*WHAT IS NEEDED*. Output, word for word and without pictures, the lines from the one containing "VIN : 4T1BF1FK7HU684132 |" through the final line of the listing below.

(DATA PROVIDED)

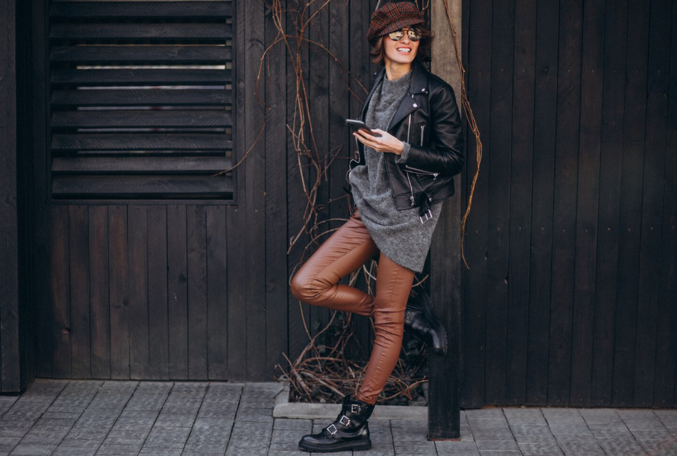 Ещё хитами сезона являются вельветовые и кожаные брюки. Вельвет придаст образу винтажный шарм, кожаные модели защитят вас от ветра и добавят шика. Для фигуры типа «яблоко» отлично подойдёт прямой крой с высокой посадкой. Будьте на высоте, нося их с шерстяными пуловерами или блузками.
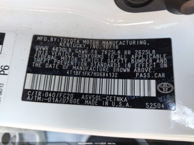 | VIN : 4T1BF1FK7HU684132 |
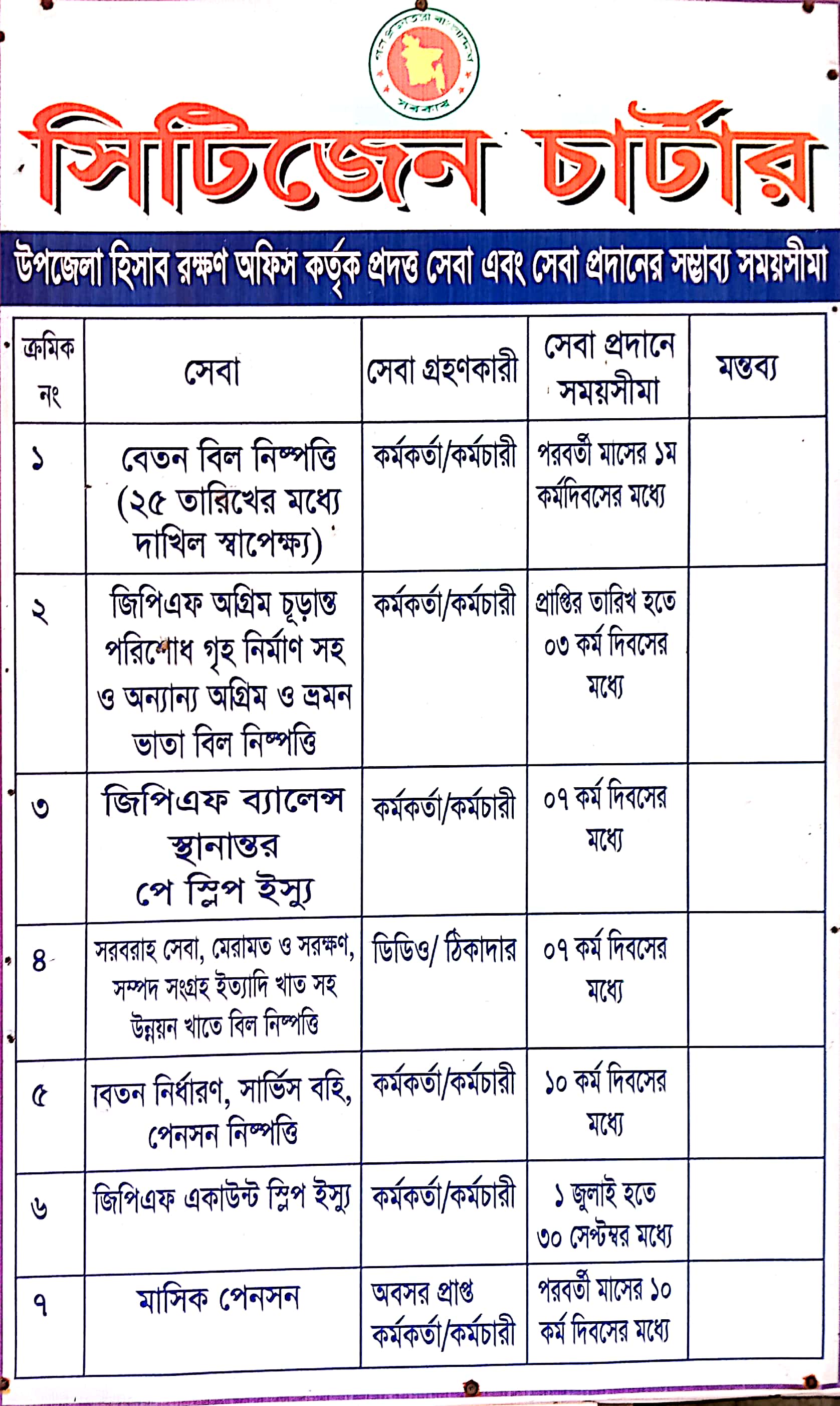 | সিটিজেন চার্টার | Fনিরীক্ষাধীন অফিসসমূহের কর্মকর্তা/কর্মচারীদের বেতন/ভাতার বিল পাশ, বেতন নির্ধারণ ও ছুটির হিসাব সংরক্ষণ। Fচেক ড্রইং ক্ষমতা সম্পন্ন দপ্তরসমূহের (যদি থাকে) কর্মকর্তা/কর্মচারীদের বেতন/ভাতা পরিশোধ। Fনিরীক্ষাধীন অফিসসমূহের সরবরাহ ও সেবা, মেরামত ও সংরক্ষণ এবং অন্যান্য খাতের বিল পাস। Fকর্মকর্তা/কর্মচারীদের জিপিএফ অগ্রিম/চুড়ান্ত পরিশোধ, বিভিন্ন ঋণ ও অগ্রিম, পেনশন আনুতোষিক পরিশোধ। Fসংশ্লিষ্ট সিএও অফিসের অথরিটির ভিত্তিতে অনুদান ও প্রকল্পের ছাড়কৃত অর্থের দাবী পরিশোধ। Fমন্তণালয়ভিত্তিক প্রাপ্তি এবং অনুন্নয়ন ও উন্নয়ন বাজেটের বিপরীতে ব্যয়ের হিসাব সংরক্ষণ এবং তার ভিত্তিতে মাসিক হিসাব প্রণয়ন। Fউপজেলা পর্যায়ের বিভিন্ন অফিসের হিসাবের সাথে ইউএও অফিসের হিসাবের সঙ্গতিসাধন। Fসোনালী ব্যাংকের সাথে প্রাপ্তি ও পরিশোধের ব্যাংক রিকনসিলিয়েশন। Fসরকারী কোষাগার জমাকৃত অর্থের চালান ভেরিফিকেশন। Fসিভিল অডিট কর্তৃক উত্থাপিত অডিট আপত্তি নিষ্পত্তির ব্যবস্থা গ্রহণ। |

(End DATA PROVIDED)

*ANSWER BOX*.
 | VIN : 4T1BF1FK7HU684132 |
 | সিটিজেন চার্টার | Fনিরীক্ষাধীন অফিসসমূহের কর্মকর্তা/কর্মচারীদের বেতন/ভাতার বিল পাশ, বেতন নির্ধারণ ও ছুটির হিসাব সংরক্ষণ। Fচেক ড্রইং ক্ষমতা সম্পন্ন দপ্তরসমূহের (যদি থাকে) কর্মকর্তা/কর্মচারীদের বেতন/ভাতা পরিশোধ। Fনিরীক্ষাধীন অফিসসমূহের সরবরাহ ও সেবা, মেরামত ও সংরক্ষণ এবং অন্যান্য খাতের বিল পাস। Fকর্মকর্তা/কর্মচারীদের জিপিএফ অগ্রিম/চুড়ান্ত পরিশোধ, বিভিন্ন ঋণ ও অগ্রিম, পেনশন আনুতোষিক পরিশোধ। Fসংশ্লিষ্ট সিএও অফিসের অথরিটির ভিত্তিতে অনুদান ও প্রকল্পের ছাড়কৃত অর্থের দাবী পরিশোধ। Fমন্তণালয়ভিত্তিক প্রাপ্তি এবং অনুন্নয়ন ও উন্নয়ন বাজেটের বিপরীতে ব্যয়ের হিসাব সংরক্ষণ এবং তার ভিত্তিতে মাসিক হিসাব প্রণয়ন। Fউপজেলা পর্যায়ের বিভিন্ন অফিসের হিসাবের সাথে ইউএও অফিসের হিসাবের সঙ্গতিসাধন। Fসোনালী ব্যাংকের সাথে প্রাপ্তি ও পরিশোধের ব্যাংক রিকনসিলিয়েশন। Fসরকারী কোষাগার জমাকৃত অর্থের চালান ভেরিফিকেশন। Fসিভিল অডিট কর্তৃক উত্থাপিত অডিট আপত্তি নিষ্পত্তির ব্যবস্থা গ্রহণ। |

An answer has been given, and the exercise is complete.